**How to complete this task:** Below are entries; copy exactly, and only, the lines from the one containing "古着 90s adidas" through their final line, leaving out pictures.

**Collection entries:**
****

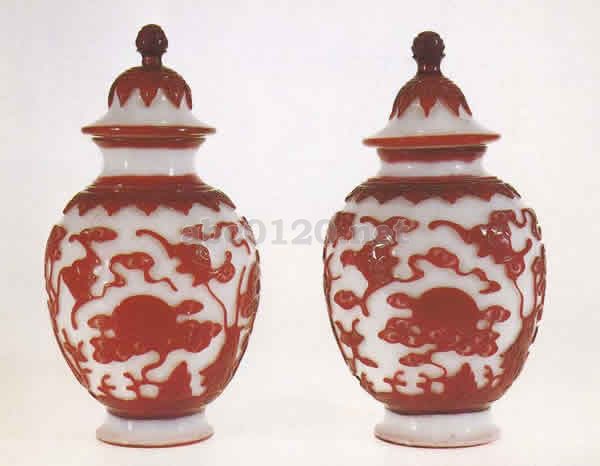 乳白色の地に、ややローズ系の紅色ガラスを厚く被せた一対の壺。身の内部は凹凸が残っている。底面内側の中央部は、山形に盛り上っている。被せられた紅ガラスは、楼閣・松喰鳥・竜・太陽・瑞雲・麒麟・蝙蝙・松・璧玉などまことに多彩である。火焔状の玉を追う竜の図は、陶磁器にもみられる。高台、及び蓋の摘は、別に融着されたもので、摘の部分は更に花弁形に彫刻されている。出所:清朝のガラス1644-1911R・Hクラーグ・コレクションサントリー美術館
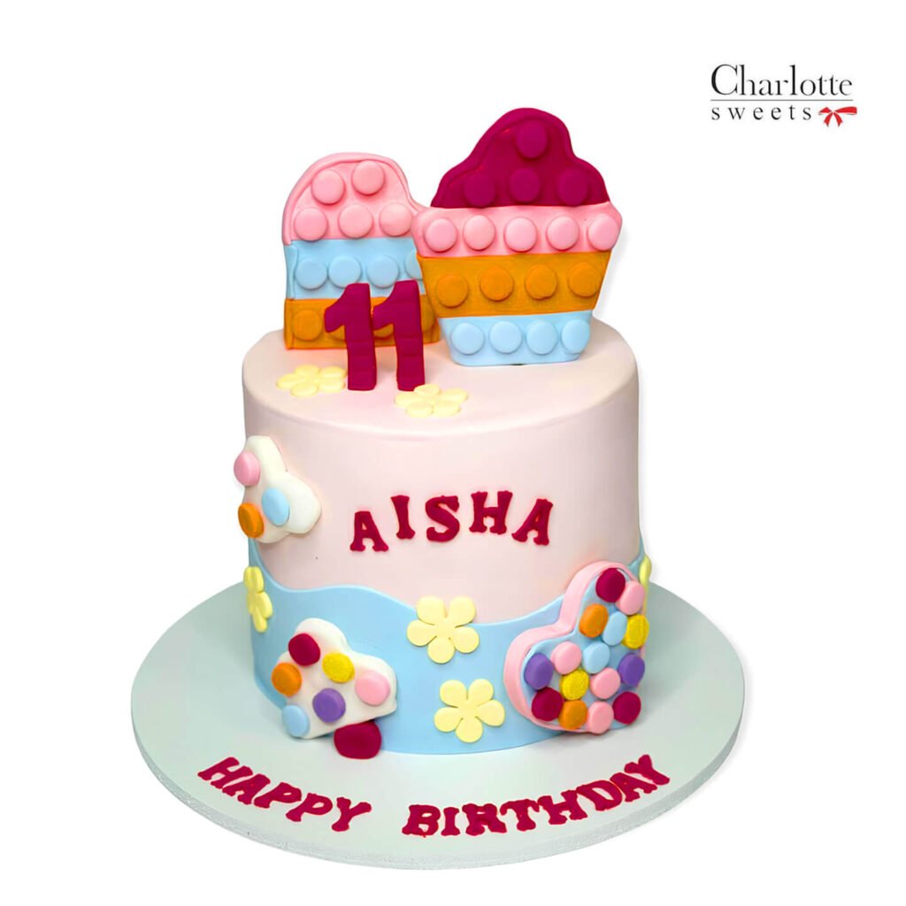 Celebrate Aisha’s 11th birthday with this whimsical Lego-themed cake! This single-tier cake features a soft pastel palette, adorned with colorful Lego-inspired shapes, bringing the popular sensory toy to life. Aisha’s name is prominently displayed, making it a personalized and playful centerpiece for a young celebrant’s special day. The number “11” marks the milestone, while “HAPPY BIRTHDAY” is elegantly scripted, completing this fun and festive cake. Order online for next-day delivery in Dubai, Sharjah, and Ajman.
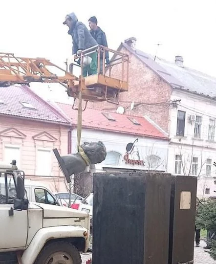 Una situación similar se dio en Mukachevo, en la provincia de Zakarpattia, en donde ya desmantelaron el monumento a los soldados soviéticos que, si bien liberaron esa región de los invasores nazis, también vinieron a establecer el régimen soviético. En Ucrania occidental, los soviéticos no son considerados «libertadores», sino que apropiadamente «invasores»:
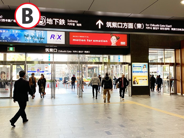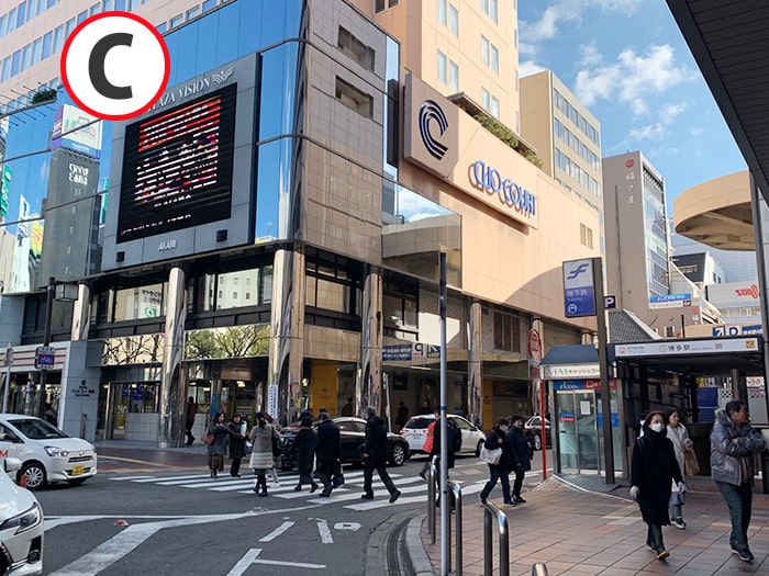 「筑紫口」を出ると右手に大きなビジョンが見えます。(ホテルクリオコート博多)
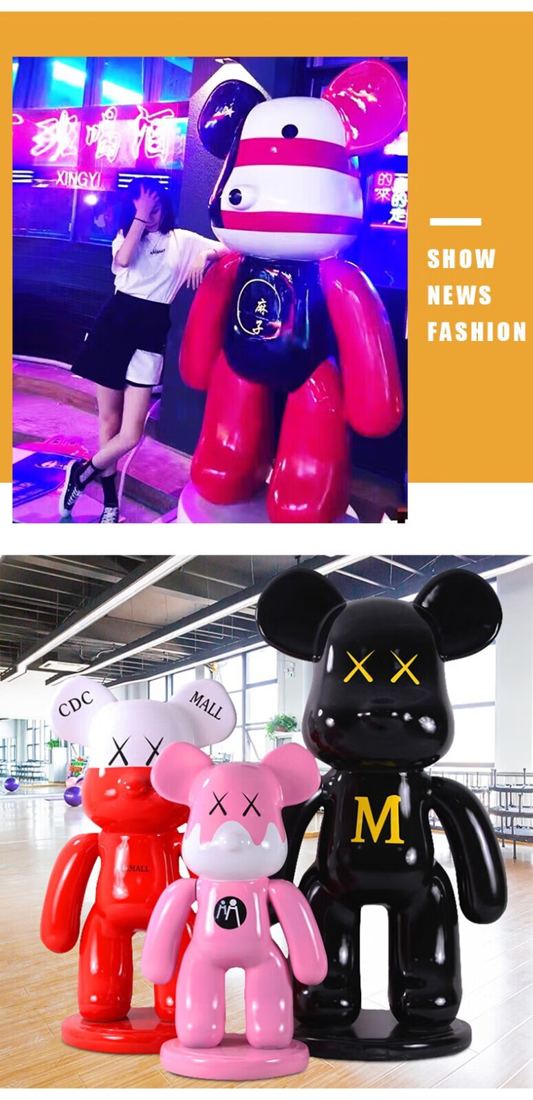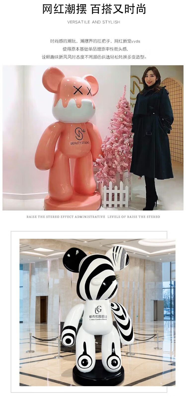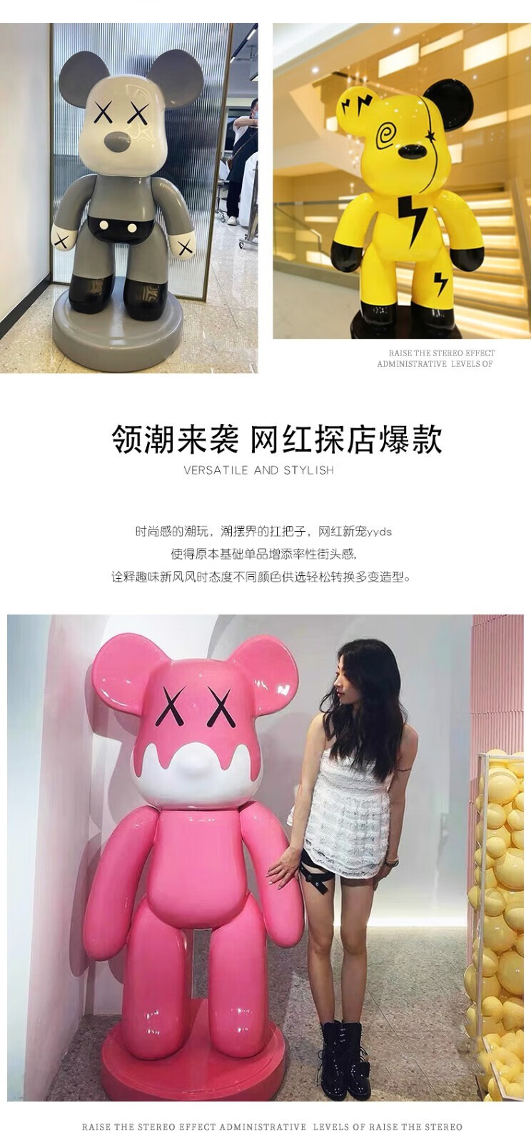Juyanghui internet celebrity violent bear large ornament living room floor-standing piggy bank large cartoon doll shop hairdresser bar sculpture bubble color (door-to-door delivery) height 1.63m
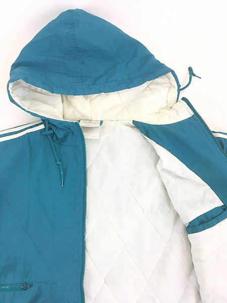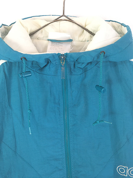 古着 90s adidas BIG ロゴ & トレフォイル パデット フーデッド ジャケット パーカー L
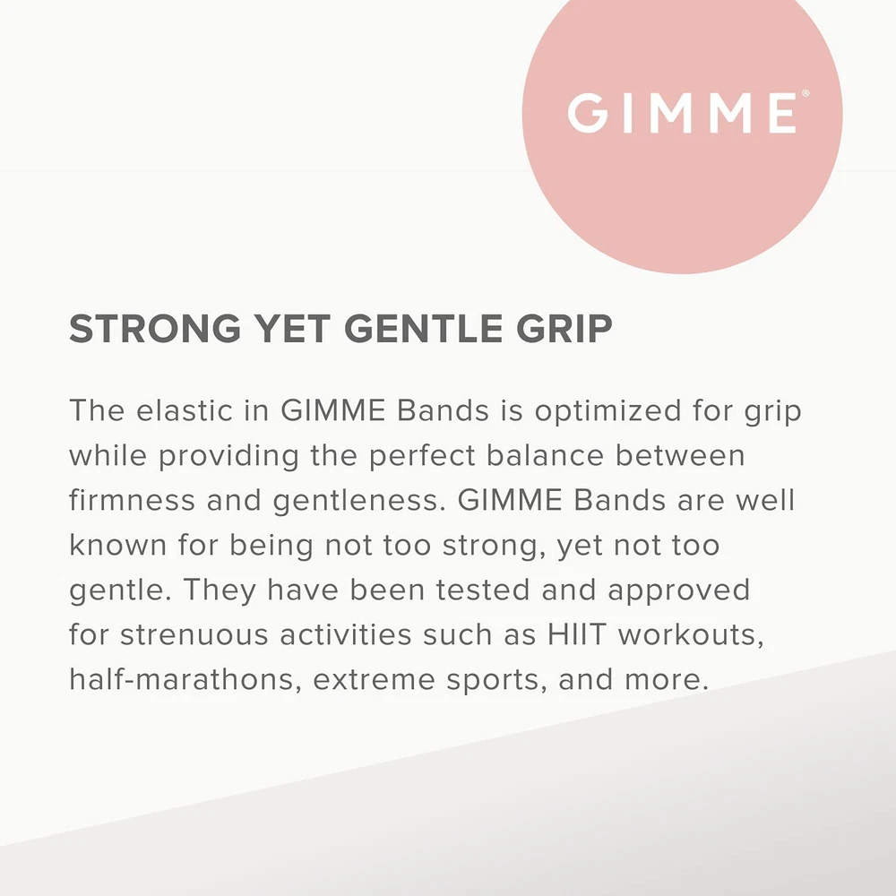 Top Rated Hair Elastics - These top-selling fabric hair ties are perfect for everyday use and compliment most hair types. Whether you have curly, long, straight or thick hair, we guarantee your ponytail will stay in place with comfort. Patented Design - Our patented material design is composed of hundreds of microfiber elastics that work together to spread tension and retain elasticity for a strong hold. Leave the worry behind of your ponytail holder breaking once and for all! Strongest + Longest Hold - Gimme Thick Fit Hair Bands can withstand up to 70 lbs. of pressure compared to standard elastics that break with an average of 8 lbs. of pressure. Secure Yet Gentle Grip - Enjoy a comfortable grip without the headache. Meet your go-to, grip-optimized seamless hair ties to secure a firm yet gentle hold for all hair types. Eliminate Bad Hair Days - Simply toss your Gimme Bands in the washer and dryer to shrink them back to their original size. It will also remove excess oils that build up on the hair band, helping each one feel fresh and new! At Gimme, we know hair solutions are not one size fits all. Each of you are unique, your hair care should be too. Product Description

****

**Exercise answer:**
 古着 90s adidas BIG ロゴ & トレフォイル パデット フーデッド ジャケット パーカー L
 Top Rated Hair Elastics - These top-selling fabric hair ties are perfect for everyday use and compliment most hair types. Whether you have curly, long, straight or thick hair, we guarantee your ponytail will stay in place with comfort. Patented Design - Our patented material design is composed of hundreds of microfiber elastics that work together to spread tension and retain elasticity for a strong hold. Leave the worry behind of your ponytail holder breaking once and for all! Strongest + Longest Hold - Gimme Thick Fit Hair Bands can withstand up to 70 lbs. of pressure compared to standard elastics that break with an average of 8 lbs. of pressure. Secure Yet Gentle Grip - Enjoy a comfortable grip without the headache. Meet your go-to, grip-optimized seamless hair ties to secure a firm yet gentle hold for all hair types. Eliminate Bad Hair Days - Simply toss your Gimme Bands in the washer and dryer to shrink them back to their original size. It will also remove excess oils that build up on the hair band, helping each one feel fresh and new! At Gimme, we know hair solutions are not one size fits all. Each of you are unique, your hair care should be too. Product Description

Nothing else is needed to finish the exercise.